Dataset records
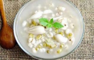 ③绿豆薏米灯芯粥(清热利湿)【材料】绿豆3两,生薏米2两,灯芯花10个,腐竹15克,陈皮1角,粘米适量。【方法】绿豆、生薏米、粘米、灯芯花、腐竹、陈皮,分别用清水洗净,备用;瓦煲内加入适量清水,先用猛火煲至水滚,然后放入以上全部材料,等水再滚起,改用中火继续煲至粘米开花成稀粥,加少许幼盐调味,即可食用。【功效】有清热解毒、利尿祛湿的作用。适用于烦躁,口干,唇红,面部生疮,小便黄、尿量少,甚至排尿时尿道涩痛等症状。
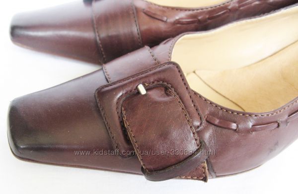 147. Кожаные туфли немецкого бренда "Zanon & Zago" в отличнейшем состоянии. Судя по каблуку, набойкам и абсолютно чистой стельке, может были раз надеты.Материал верха - натуральная мягчайшая кожа коричневого цвета. Декорированы кожаным ремешком с обтянотой кожей пряжкой
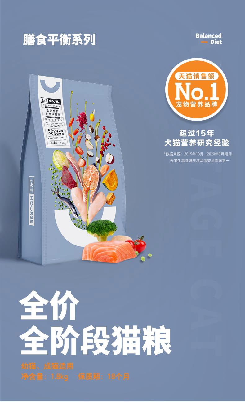 卫仕猫粮1.8kg室内成猫幼猫全阶段猫咪主粮
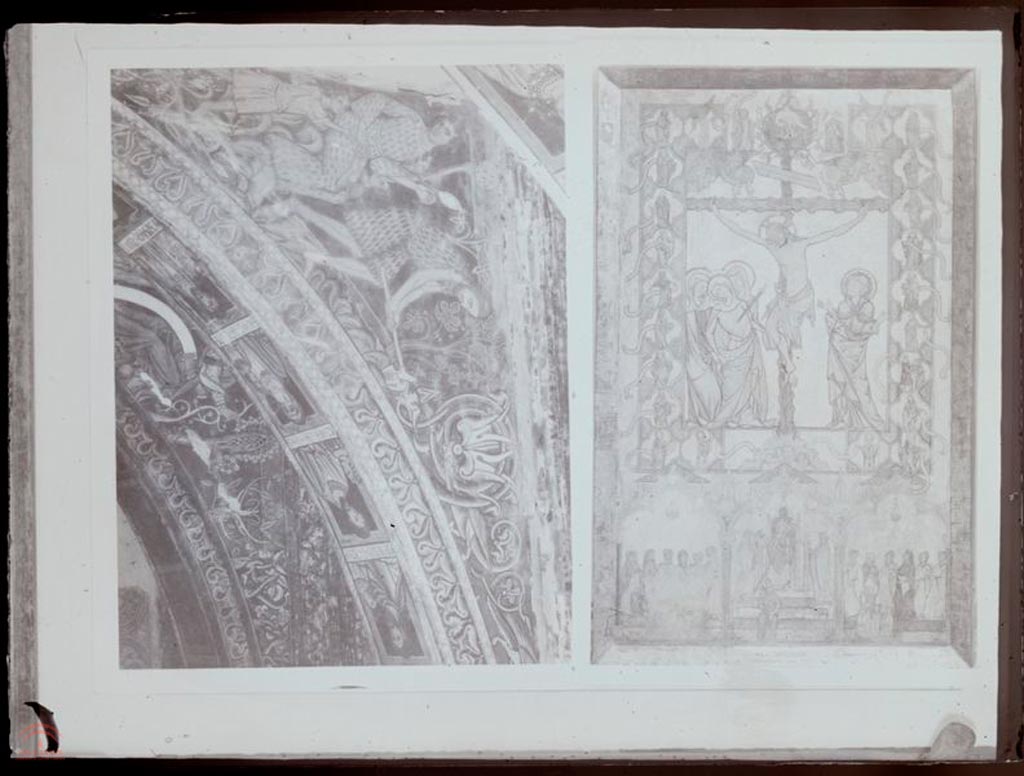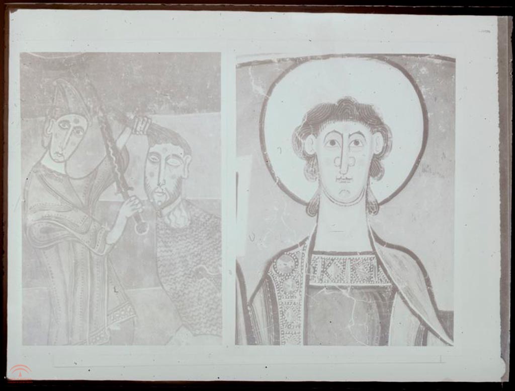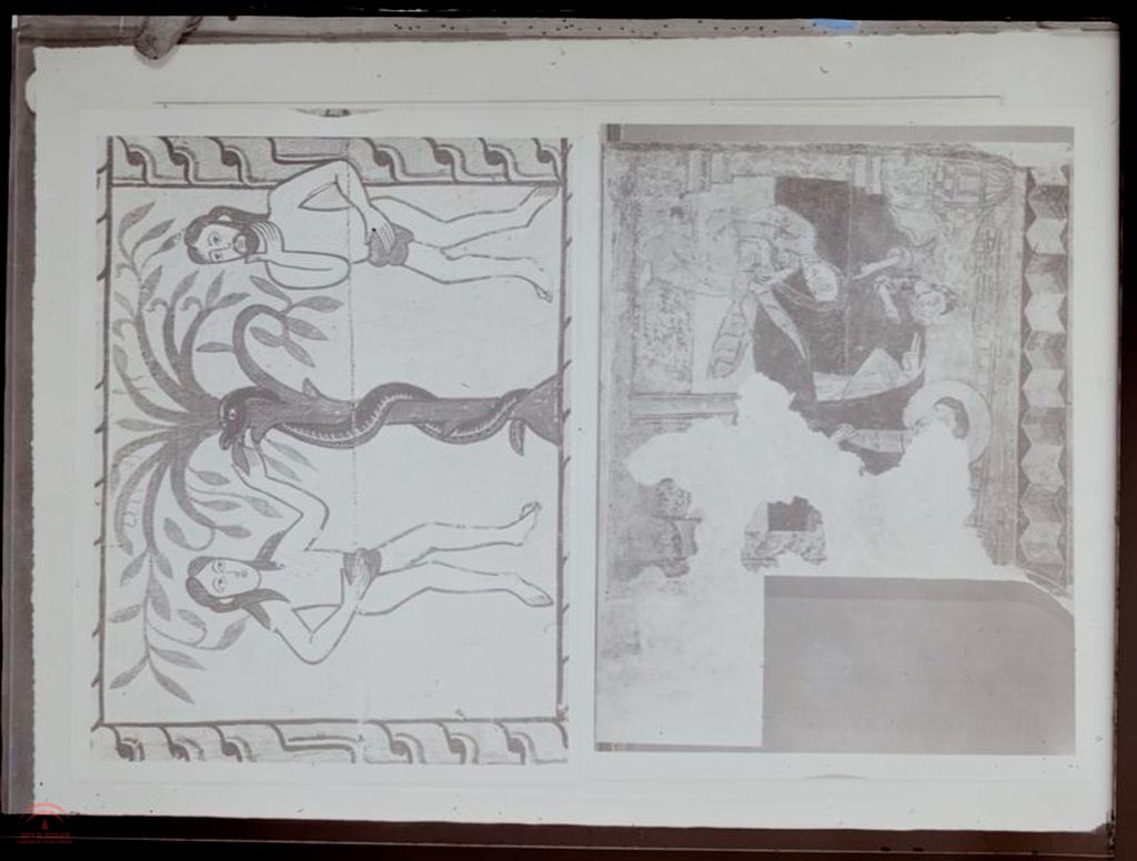 Aparecen dos fotografías- láminas, probablemente pertenecientes a un libro .Cada una ocupa una mitad del soporte. Las pinturas de sigena aparecen en una albanega de un arco , y en su intrados. Valca Universal (Ortocromática Antihalo)
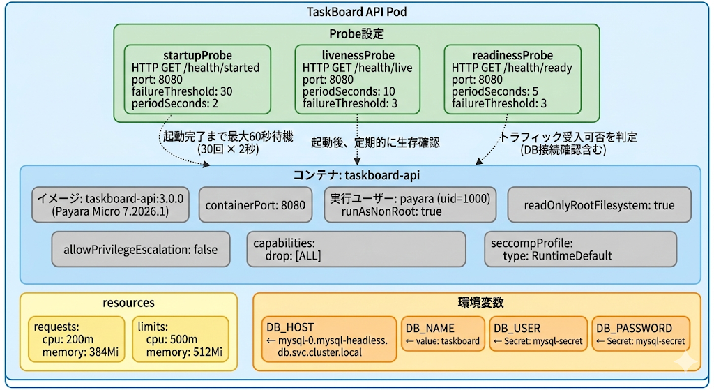TaskBoard API PodはPayara Micro 7.2026.1ベースのコンテナを1つ含み、8080番ポートでリッスンします。実行ユーザーはpayara(uid=1000)で、非rootです。SecurityContextで権限昇格を禁止(allowPrivilegeEscalation: false)し、capabilitiesをすべて剥奪し、ルートファイルシステムを読み取り専用に設定し、seccompProfile(RuntimeDefault)でシステムコールを制限しています。
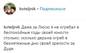 Даже за Люсю [монолог „Алло, Люся“] я не огребал в беспокойные годы своей юности столько, сколько дерьма огреб в безмятежные дни своей зрелости за Дудя, — написал артист на своей странице в Instagram.
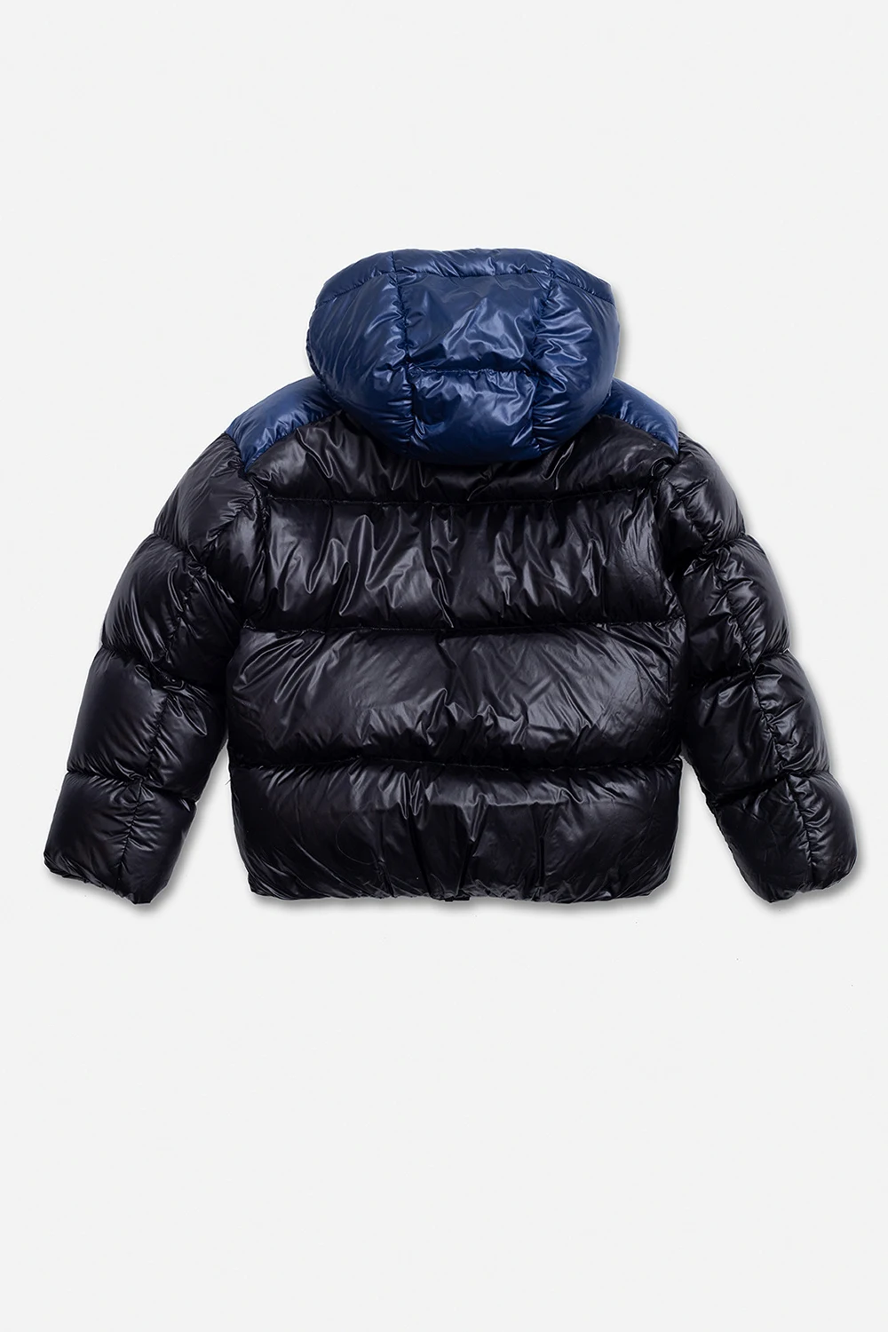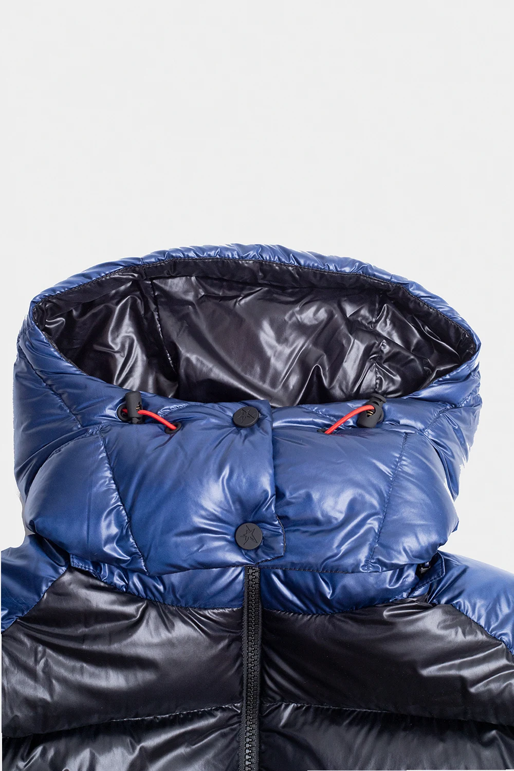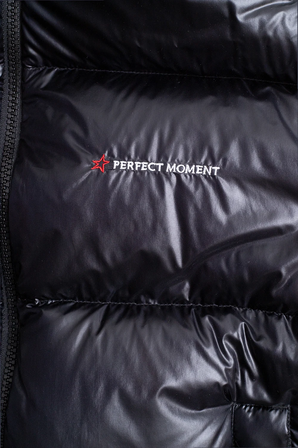 Black and navy blue ski jacket from Perfect Moment Kids. Filled with breathable Allied 700 down, this style features a zip fastening, a detachable drawstring hood, white and red logo embroidery on the front, two zip pockets and an elasticated bottom hem and cuffs. It offers water-repellent properties.
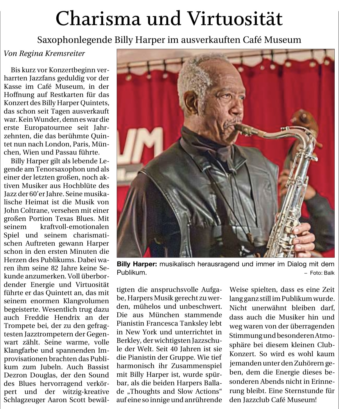 Until shortly before the concert began, jazz fans waited patiently in front of the box office in the café museum, hoping for remaining tickets for the billy harper quintet concert, which had been sold out for days. No wonder, because it was the first european tour in decades, which took the famous quintet to london, paris, munich, vienna and passau.
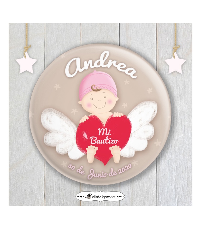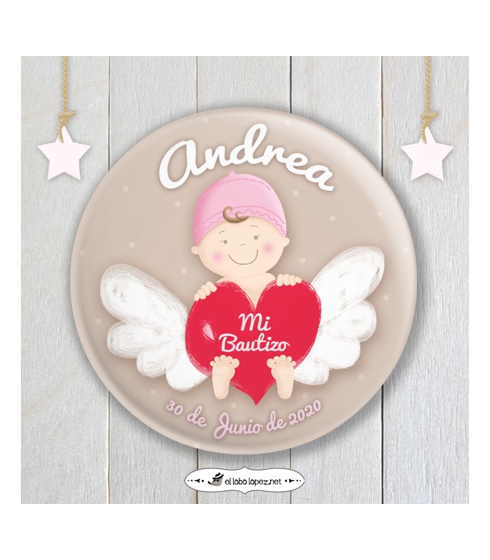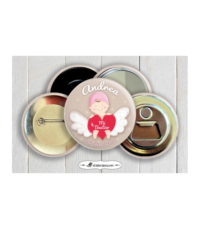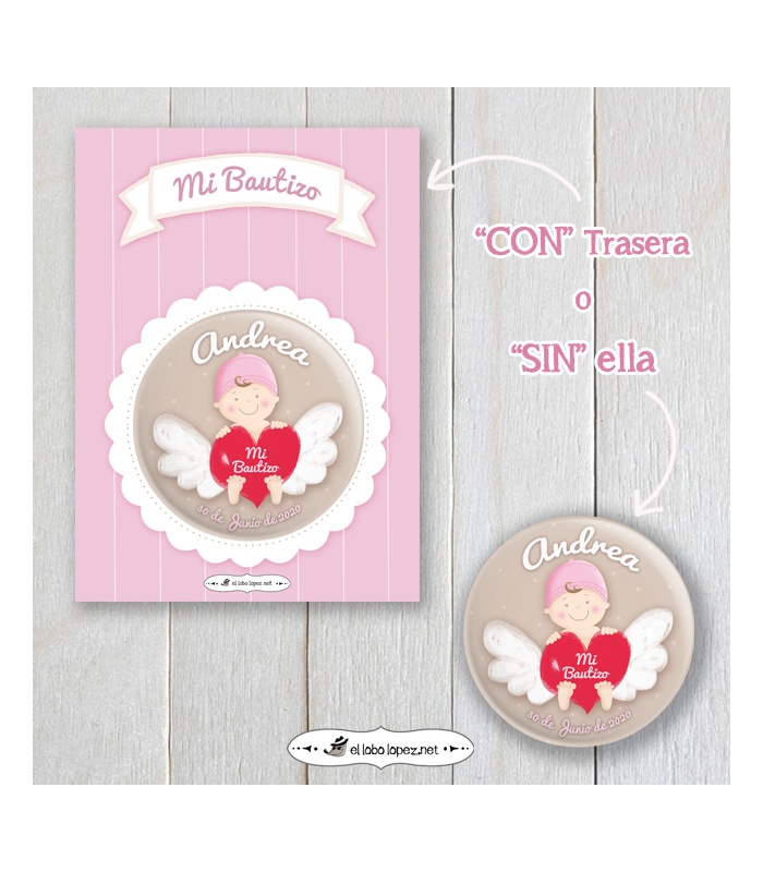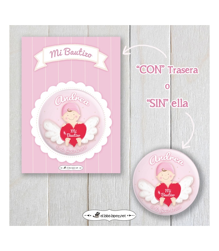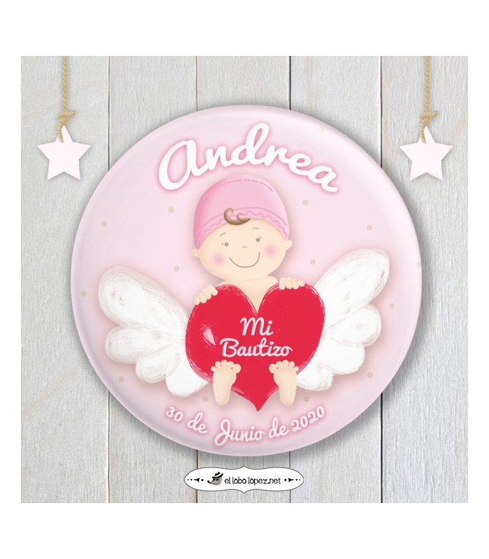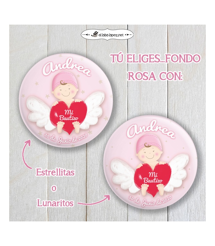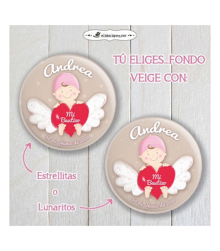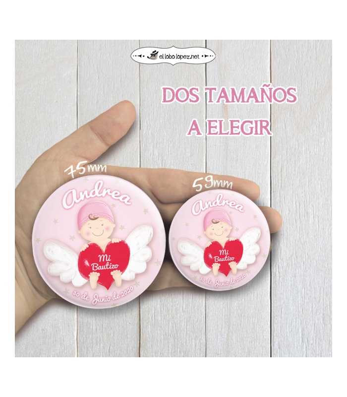 Chapa Personalizada "BEBÉ ANGELITO" (niña) Ø 59mm o 75mm (Diseño by Arteneus).
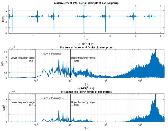 - squared DFT of the derivative of the VAG signal, from which the fourth feature family is obtained, using Equation (7).
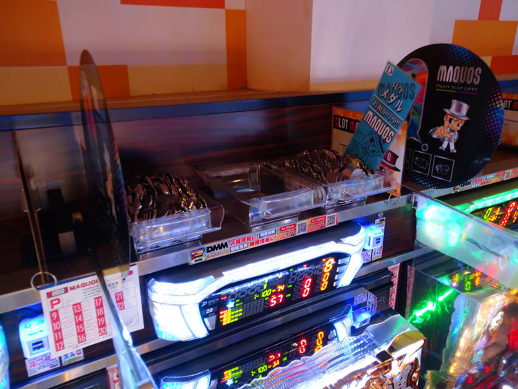 ●『パチスロ エウレカセブンAO(2台設置)』…こちらは、1台が1箱、残りのもう1台が下皿のコインのみで、出玉感はありませんでした。ただ、そんな状況なのに打っている方がブン回していたんですよね。何かの設定示唆が出たのでは? そう思いましたよ。
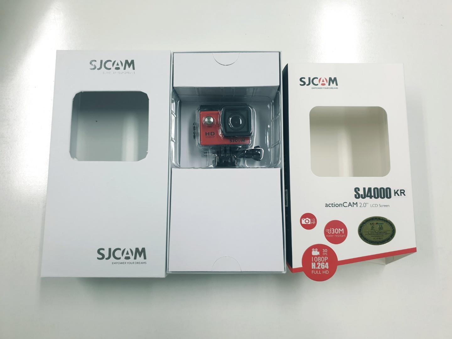 아마도 SJ4000을 수입하는 공식 수입사가 있어서 그런지 KR스티커가 모델명 뒤에 붙어있다. 정품 스티커도 있었구나..

_Your objective_:
Reproduce exactly the lines of the entries above from the first through the line with "TaskBoard API PodはPayara", both included; pictures should not be reproduced.

_Task response_:
 ③绿豆薏米灯芯粥(清热利湿)【材料】绿豆3两,生薏米2两,灯芯花10个,腐竹15克,陈皮1角,粘米适量。【方法】绿豆、生薏米、粘米、灯芯花、腐竹、陈皮,分别用清水洗净,备用;瓦煲内加入适量清水,先用猛火煲至水滚,然后放入以上全部材料,等水再滚起,改用中火继续煲至粘米开花成稀粥,加少许幼盐调味,即可食用。【功效】有清热解毒、利尿祛湿的作用。适用于烦躁,口干,唇红,面部生疮,小便黄、尿量少,甚至排尿时尿道涩痛等症状。
 147. Кожаные туфли немецкого бренда "Zanon & Zago" в отличнейшем состоянии. Судя по каблуку, набойкам и абсолютно чистой стельке, может были раз надеты.Материал верха - натуральная мягчайшая кожа коричневого цвета. Декорированы кожаным ремешком с обтянотой кожей пряжкой
 卫仕猫粮1.8kg室内成猫幼猫全阶段猫咪主粮
 Aparecen dos fotografías- láminas, probablemente pertenecientes a un libro .Cada una ocupa una mitad del soporte. Las pinturas de sigena aparecen en una albanega de un arco , y en su intrados. Valca Universal (Ortocromática Antihalo)
TaskBoard API PodはPayara Micro 7.2026.1ベースのコンテナを1つ含み、8080番ポートでリッスンします。実行ユーザーはpayara(uid=1000)で、非rootです。SecurityContextで権限昇格を禁止(allowPrivilegeEscalation: false)し、capabilitiesをすべて剥奪し、ルートファイルシステムを読み取り専用に設定し、seccompProfile(RuntimeDefault)でシステムコールを制限しています。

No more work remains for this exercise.